Conversation Starters from ReadingGroupChoices.com
- Anjali’s outcome seems purposefully ambiguous. Discuss why the author may have done this.
- What are some of the challenges facing a small-town girl raised in India as opposed to a small-town girl raised in the United States? How do they compare?
- Explain why you think the author decided not to have Anjali deal directly with what happened to her by Subodh?
- Mr. & Mrs. Bose are not identified by name for the first half of the novel. When does this change, and why? How is Anjali identified in this same passage as Mr. and Mrs. Bose are named?
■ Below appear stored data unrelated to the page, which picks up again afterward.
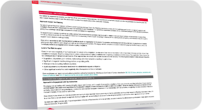 REPORTING & DISCLOSURE TRACKING OUR PROGRESS DOW | REPORTING & DISCLOSURE | 119 Dow Disclosures – GRI Content Index Our global tax organization is led by our chief tax officer, and consists of approximately 190 experienced accountants, lawyers and other tax professionals across the globe. We also commit the resources to seek the advice and counsel of tax experts around the world when necessary. Approach Toward Tax Planning Tax planning is an important element of Dow’s overall business strategy. Dow’s Tax Planning team works closely with the businesses and functions to support reasoned and compliant structures that complement the way Dow operates in each jurisdiction. Our global tax organization provides critical jurisdictional perspective into all planning decisions, giving Dow a strategic advantage compared to a more centralized tax organization. To support Dow in complying with its tax policy, advice from external service providers may be sought in relation to tax planning or complex circumstances. In cases where the tax guidance is unclear or Dow does not feel it has the necessary internal expert knowledge to assess the tax consequences adequately, external advice may be sought to support Dow’s decision-making process. Dow acts in accordance with the international guidelines (such as Organisation for Economic Co-operation and Development (OECD) guidelines) in its application of transfer pricing and aligns with the arm’s length principle on intercompany transactions. We engage outside consultants to assist in determining appropriate intercompany rates and continually review local requirements to ensure ongoing compliance. Level of Tax Risk Accepted Given the size and complexity of our business and the volume of tax obligations, tax risk arises from time to time relative to the interpretation of tax laws and the nature of our compliance measures. Dow has strong internal controls and procedures in place to minimize risk in reporting, compliance and other areas of tax application. Dow analyzes the tax consequences of transactions and events. When appropriate, we consult with outside counsel and other advisors. The following are examples of areas analyzed frequently: • Acquisitions, dispositions, joint ventures, restructurings and other transactions resulting in a gain or loss. • Significant changes in transfer pricing practices or operating profile. • Changes in tax accounting methods or policies. • Audit adjustments or unfavorable decisions in tax administrative appeals or litigation. • Other significant events that could negatively affect the reputation of Dow or its Board. Dow employees can report concerns about potential unethical tax behavior by following our Dow Code of Conduct described in GRI 102-16 Values, principles, standards, and norms of behavior and 102-17 Mechanisms for advice and concerns about ethics . 207-3 Stakeholder engagement and management of concerns related to tax Approach to Engagement with Tax Authorities We engage tax authorities with honesty, integrity, respect and fairness, and in a spirit of cooperative compliance. Dow seeks to resolve any disputed matters through proactive and transparent discussion and negotiation but is prepared to litigate or exercise alternative rights to defend our position. Where we disagree with a ruling or decision of a tax authority, Dow’s aim is to be professional, constructive and maintain transparent disclosure in our relationships with tax authorities, recognizing that early resolution of risks is in the best interests of Dow and tax authorities. Dow makes its tax returns as clear as possible and we try to raise important issues proactively so that tax authorities can focus their resources effectively. From time to time, if it is unclear how a tax law should be applied, we may engage with tax authorities in advance of undertaking transactions to confirm the correct application of such tax law. Tax laws are highly complex and, if our interpretation of the law differs from that of the tax authority, we seek to resolve the differences in a professional, timely manner or pursue dispute resolution, if appropriate.
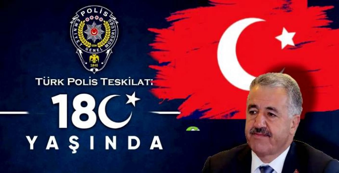 Türk Polis Teşkilatı, kuruluşunun 180. yıl dönümünü kutluyor. Bu anlamlı gün dolayısıyla 65. Hükümet Ulaştırma, Denizcilik ve Haberleşme Bakanı Ahmet Arslan da bir kutlama mesajı yayımladı.
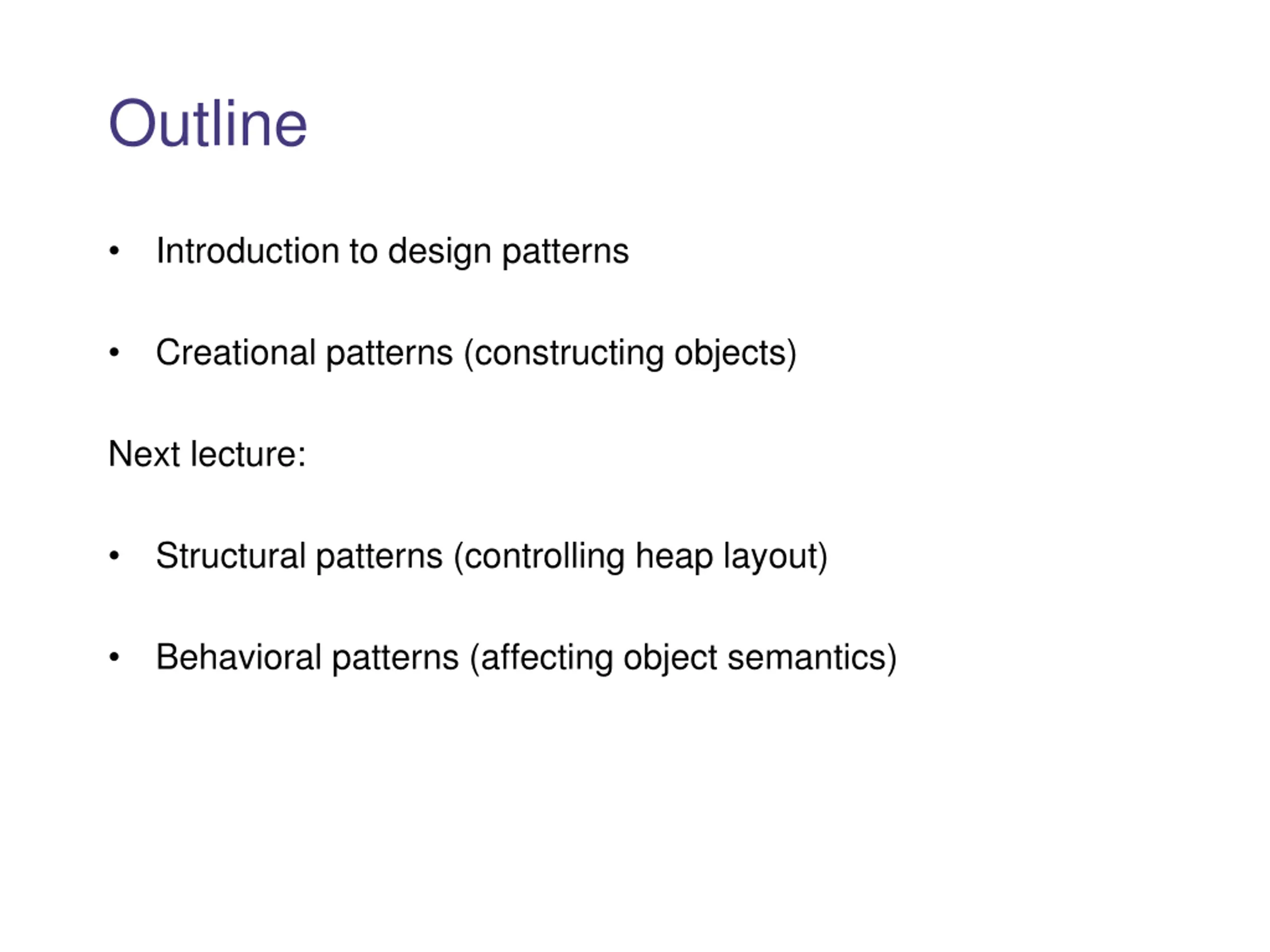 Outline Introduction to design patterns Creational patterns (constructing objects) Next lecture: Structural patterns (controlling heap layout) Behavioral patterns (affecting object semantics)
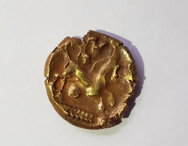 Круглый предмет, сначала показавшийся мужчине старой металлической шайбой, оказался золотой кельтской монетой середины I века нашей эры. Неподалеку мужчина заметил еще одну монету.
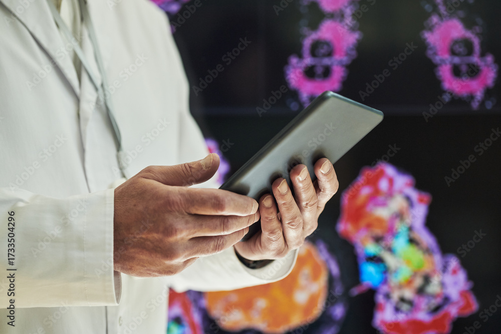 Middle aged Caucasian man in white lab coat holding digital tablet, standing in front of medical imaging display with colorful anatomical scans, using technology for healthcare analysis at conference
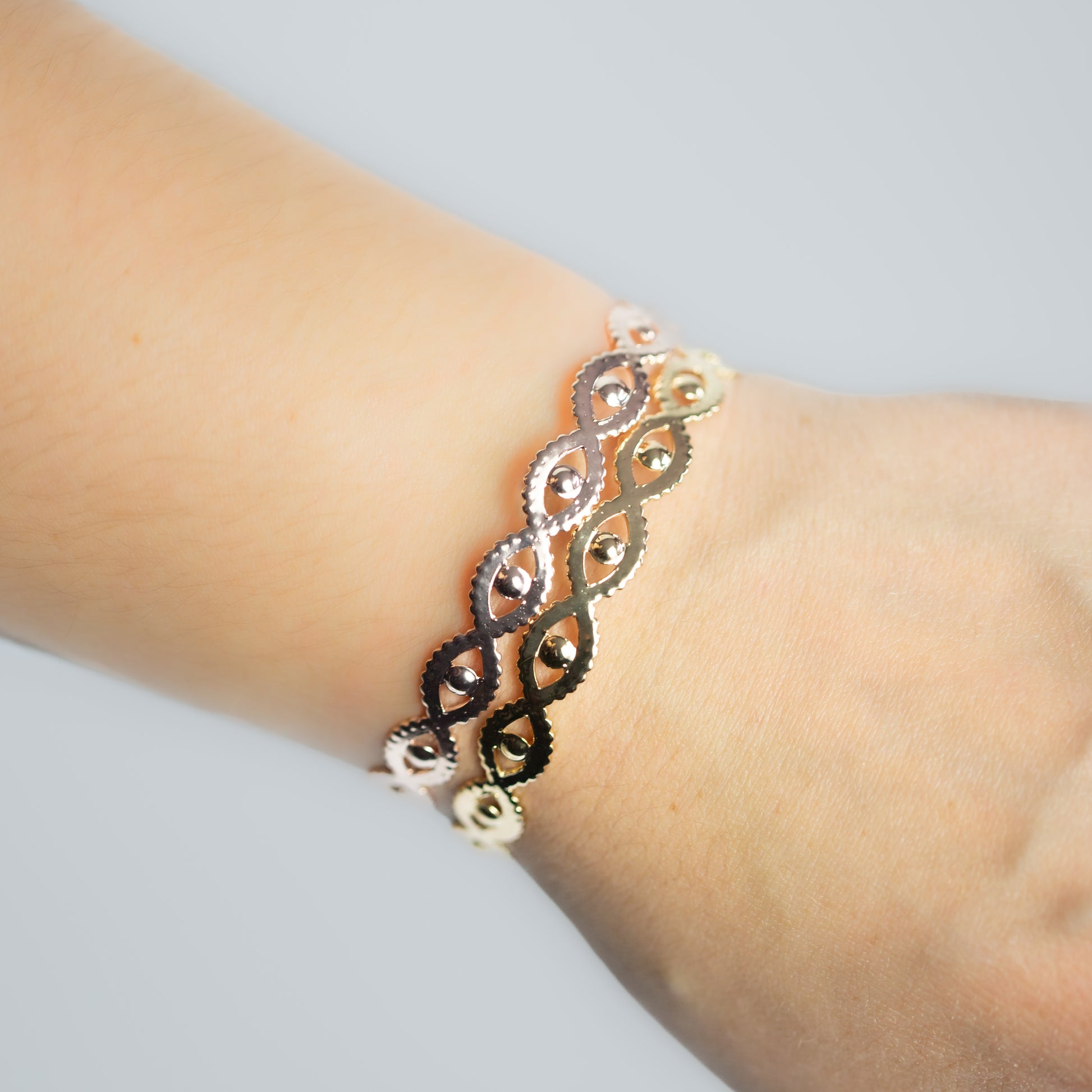 Adaugă un plus de rafinament ținutelor tale cu o brățară chic, ușor de purtat și asortat. Concepută cu detalii elegante și charm-uri delicate, această brățară este potrivită pentru orice încheietură oferind un confort maxim.

By doing this, what is the author saying about Anjali, a character who is constantly searching for a new identity?
- Why do you think the author chose to name the novel after a beauty pageant? What is the significance of this title?
- Eventually Anjali questions her long held beliefs about who her mother was: “What if the bitter wife and nagging mother had actually been a contented, creative woman?” (p. 202). Does this moment bring her any closer to understanding her mother?
- Cars have significant importance in Anjali’s life. What does the car symbolize in this book? Explain why the Bengali Svengali compares her to a car.
- Anjali has a complex relationship with Gauripur, her mother, and Sonali-di. While the fate of her mother and sister is left undetermined, the future of Gauripur is revealed. “She walked the familiar streets with Parvati, but now she saw changes—maybe they’d always been there—a cinema house, the Bihar State Emporium, and apartment blocks rising from razed, abandoned estates” (pg. 328). What makes Gauripur different? Why are we left in the dark regarding Anjali’s mother and sister?
- By the end of the novel Anjali has an entirely new family in Parvati: “Anjali had, in effect, been adopted” (pg 328). Discuss the role family plays in the lives of the different characters in the book. How do they define family, and what is its significance?
- Discuss the novel’s setting. What limitations and liberations did the “New Miss Indias” experience during their time in Bangalore?
- How do the men in Anjali’s life compare to each other? Why does Anjali refuse GG’s request to accompany him to Mexico?
- Discuss Anjali’s initial difficulty understanding Peter and Ali’s relationship. Explain whether her ignorance was due to her crush on her former teacher or “outside her ability to process” (pg 41).
- After what happened to Nirmal Gupta, Anjali feels she owes it to him to renew her search for a husband. Why do you think she decided to honor Nirmal in this way?
- How does Mukherjee question the traditional roles of women in India? Where did you see similarities between how women are treated in this country and your own communities? How does Peter make Anjali see and question her own role as a woman in Indian society?
- The theme of re-inventing oneself is a prominent one in Miss New India. Throughout the novel Anjali vacillates between different versions of her name. How does she make her ultimate decision, and why?